Search code examples
hadoopamazon-ec2amazon-web-serviceselastic-map-reduce

Amazon Elastic MapReduce: Output directory


I'm running through Amazon's example of running Elastic MapReduce and keep getting hit with the following error:

Error launching job , Output path already exists.

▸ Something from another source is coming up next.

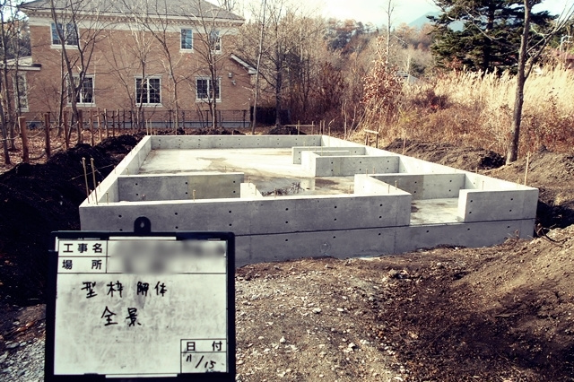 一定の養生期間を経て、型枠を解体しました。毎度のことながら型枠の解体工事は楽しみです。一枚ずつ型枠が外れ、ピシッと美しく仕上がった基礎が姿を現しました。手前味噌ながら、今回も非常に美しい!

Here is the command to run the job that I am using:

C:\ruby\elastic-mapreduce-cli>ruby elastic-mapreduce --create --stream \
     --mapper  s3://elasticmapreduce/samples/wordcount/wordSplitter.py \
     --input   s3://elasticmapreduce/samples/wordcount/input \
     --output  [A path to a bucket you own on Amazon S3, such as, s3n://myawsbucket] \
     --reducer aggregate

Here is where the example comes from here

I'm following Amazon'd directions for the output directory. The bucket name is s3n://mp.maptester321mark/. I've looked through all their suggestions for problems on this url

Here is my credentials.json info:

{
"access_id": "1234123412",
"private_key": "1234123412",
"keypair": "markkeypair",
"key-pair-file": "C:/Ruby/elastic-mapreduce-cli/markkeypair",
"log_uri": "s3n://mp-mapreduce/",
"region": "us-west-2"
}

Solution

  • hadoop jobs won't clobber directories that already exist. You just need to run:

    hadoop fs -rmr <output_dir>
    

    before your job ot just use the AWS console to remove the directory.